Offensive power fuels women’s soccer

By Ryan Day and Will Sandberg | gargoyle@flagler.edu

The Flagler women’s soccer team may be in transition to Div. II, but Coach Teddy Meyer hopes the offensive explosion the Saints had in the 2007 season is permanent.

In 2006 the Saints scored 15 goals all season in 17 matches, less than one goal per game. Flagler forward Annika Hogberg has already scored 17 goals by herself, breaking the college’s single-season record for goals.

“Her [Hogberg’s] impact this year has been a bright spot,” Meyer said. “Last year we had struggled scoring goals.”

Through 18 games so far, the Saints have scored 42 goals, being shut out only twice all year. Compare that to last year when the 2006 Saints scored 15 goals all season and were shut out nine times.

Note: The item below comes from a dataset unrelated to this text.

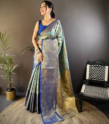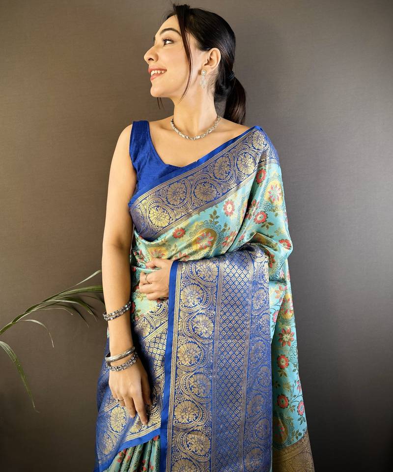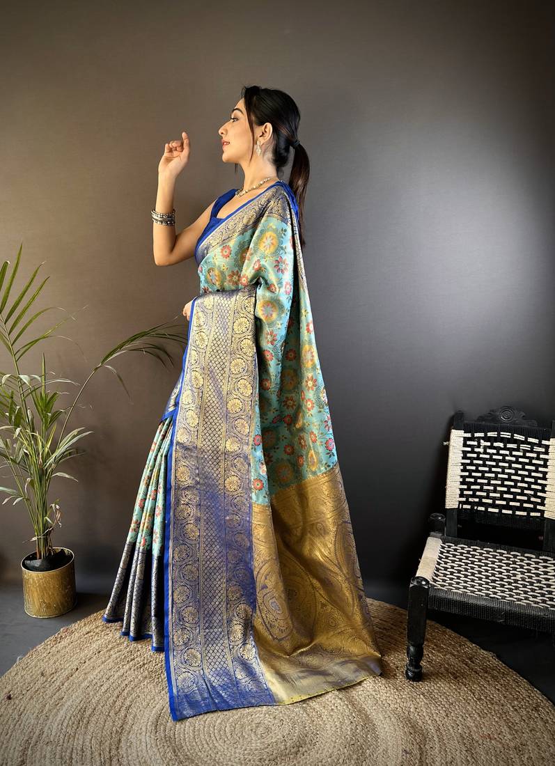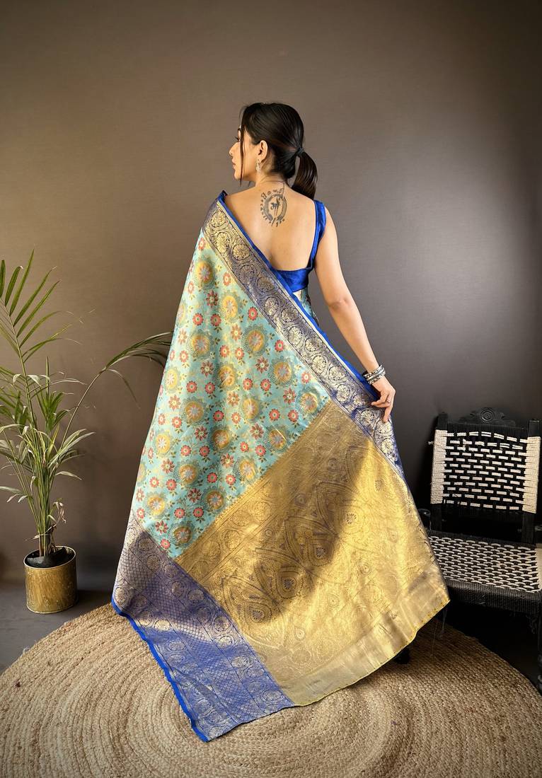 Sky blue floral, zari woven kanjivaram tissue silk saree with blouse

And it’s not just Hogberg and her 17 goals that have been putting the Saints on the scoreboard. Seven players on the team have at least two goals. Freshman midfielder Caleigh Hodgkins and sophomore midfielder Meredith Marshall have scored their first ever collegiate goals this year. Midfielder Tiffany Urquhart, the Saints leading scorer of 2006, has had the pressure taken off in 2007 and is tied for second on the team in assists with midfielder Pam Quimby with four.

Typically when a team improves on one side of the ball, the other side suffers. In 2006, the Saints gave up 51 goals in 17 games, an average of three goals a game. In 2007, goalkeeper Hope McArthur leads a defense that has recorded eight shutouts and given up only 29 goals in 18 games, a 1.63 GAA. She’s faced 152 shots on goal and saved 123 of them, making for a .809 save percentage.

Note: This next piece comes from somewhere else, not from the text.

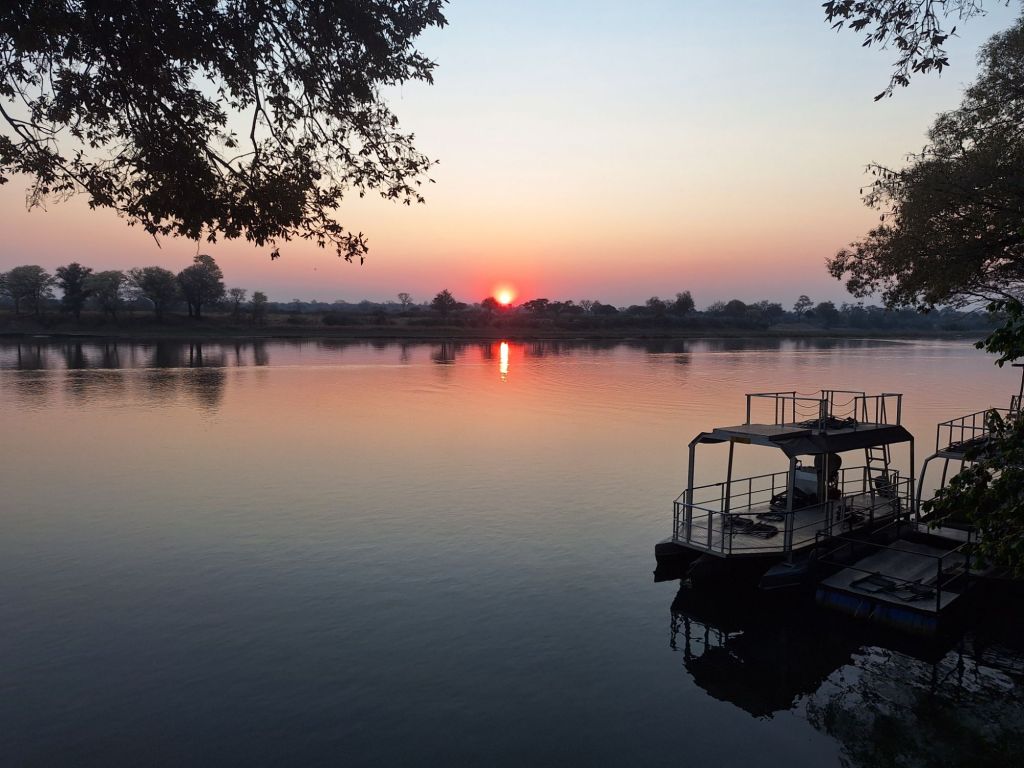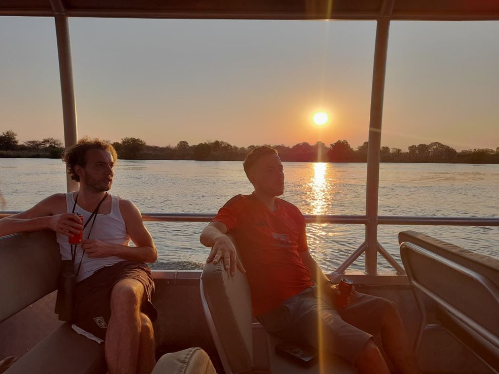 Wiederum im Sonnenuntergang gings per Boot wieder zurück auf die andere Seite des Flusses. Am Ende des Tages saßen wir noch ganz entspannt mit anderen Gästen der Lodge am Lagerfeuer an der Terrasse und philosophierten über unsere Reiseerfahrungen. So viel vorweg: Die Leute staunten nicht schlecht, als wir von unserer Reise erzählten 😉 Auch wenn wir natürlich aktuell auf vier Rädern unterwegs sind und das gar nicht wirklich dazuzählt…

The improvement between last year and this year can be found in their attention to detail and the minor components of the game:

– Last year they were outshot 234-198. This year they’ve outshot their opponents 309-253 through 18 games. The Saints have been doing a much better job at not just possessing the ball and keeping on the opponent’s half of the field, but capitalizing on that possession by taking shots whenever the opportunity presents itself.

– Last year they had only two yellow cards all season. This year that number has jumped to 12. To score goals, you have to be over-aggressive and that’s shown to be true in the fact that they’ve scored 51 goals this year to only 15 last year.

– Last year, the team had 12 assists on the season. Through 18 games the Saints have 34. It’s not enough to think score, score and score again. You need to spread the ball around and have the opposing team always guessing where the shot’s going to come from.

– Last year they only had 44 corner kick opportunities. This year they’ve nearly doubled their number of corner kick opportunities to 95. You need to force opposing teams into giving up corner kick opportunities because they are invaluable to any soccer offense.

It keeps the ball in your possession and gives you an opportunity to head in an easy goal. It also prevents the other team possession and an easy clear out, taking the momentum away from whatever you were putting together offensively.

What says the most about this team is the fact that of the 28 players on the roster, only two, MacArthur and defender Jessica Echterling are graduating seniors. This is a team of mostly underclassmen who are overachieving, and one that will return next year with 26 returning players.

“We are really young, [but] the season is going really well,” Meyer said. “It’s been a very successful season. We have a little more to go, but I look forward to finishing [with victories].”

The Flagler Saints will look to finishing with a victory as they end their season this Wednesday, Nov. 7 in Jacksonville against the University of North Florida.